On the mountain, precipitation falls as snow, adding to the glaciers enough to overcome a 1.8 degree Fahrenheit rise in temperature in the last century, scientists say.

[...]

Until recently, the same phenomenon that is benefiting Shasta's glaciers was feeding glacier growth in southern Norway and Sweden, the New Zealand Alps and northern Pakistan, according to the U.N. Intergovernmental Panel on Climate Change.

In each area, scientists say, more snowfall temporarily offset warming temperatures in the 1990s and early 2000s. But rising temperatures since then have begun to shrink the ice.

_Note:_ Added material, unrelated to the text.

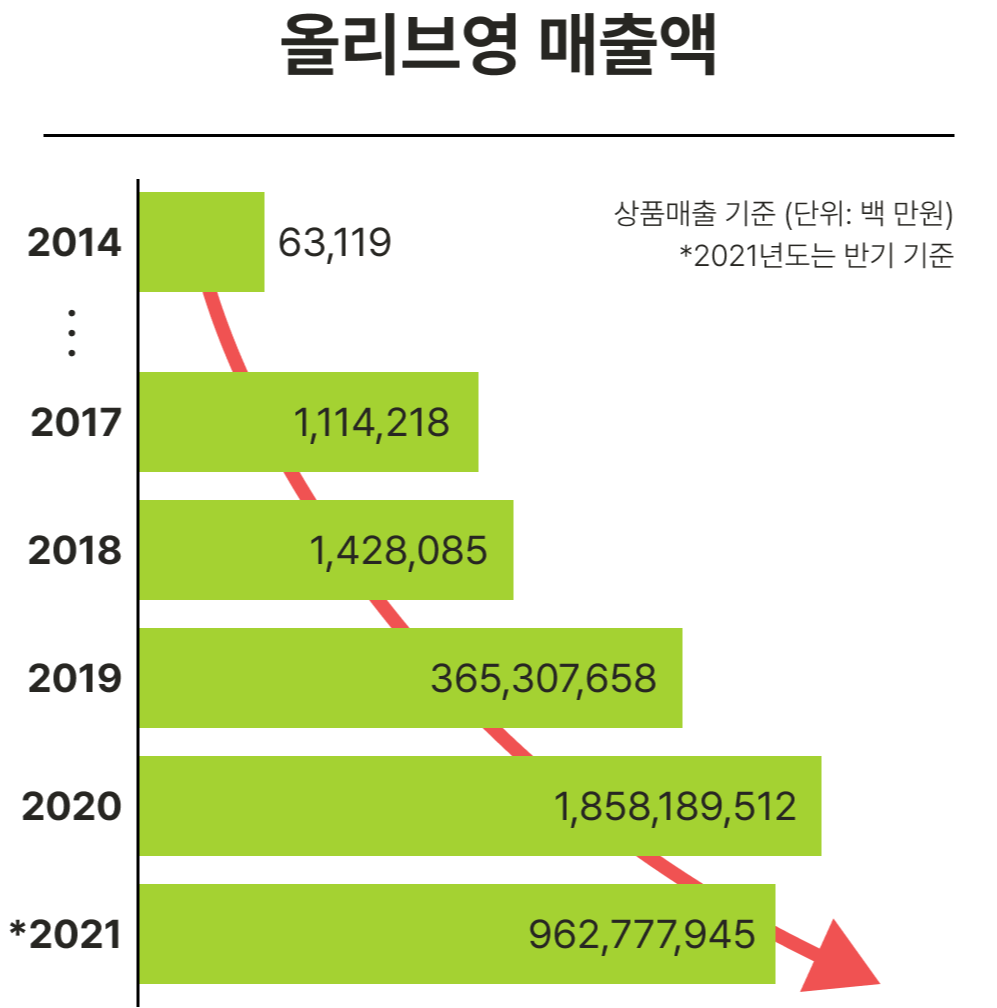 옴니채널 전략 이후 올리브영이 어떻게 변화했을까요? 올리브영의 매출액은 2014년 이후 지속적으로 상승하고 있음을 확인할 수 있어요. 2014년 상품 매출이 약 631억 원이었으나, 2021년 반기 상품 매출로 9,627억 원을 달성했거든요.

Climate change is causing roughly 90 percent of the world's mountain glaciers to shrink, said Thompson, the Ohio State glacier expert.

...
0 Replies
 
okie
 
  1  
Reply Thu 10 Jul, 2008 09:55 am
Cycloptichorn wrote:
The 'laws of supply and demand' have no place in them for pollution, Okie. Someone has to care about that, as it's obvious that the problem will not be solved by the companies who profit greatly off of the oil; and who have shown that they will rarely willingly self-limit their emissions and waste products.

Cycloptichorn

I think you are wrong. People have been demanding something be done about pollution, and there has been, in contrast to totalitarian communist countries or closed societies which have been alot more polluted. Fact is, businesses have devised much of the technology to clean things up, and they deserve credit, not blame.

I will agree that the environmental movement has raised awareness, however it is not uncommon for extremes to cause more harm than good. We need sensible controls, which we could have without all the extremes. The tree huggers shut down nuclear 30 years ago, and that turned out to be negative, just one example.

I believe oil companies are ready and willing for reasonable regulation, and always have been, but it needs to be reasonable in an atmosphere of cooperation instead of adversarial.

There are many people in the environmental movements that are simply opposed to free markets and capitalism, period, and therein lies a large problem.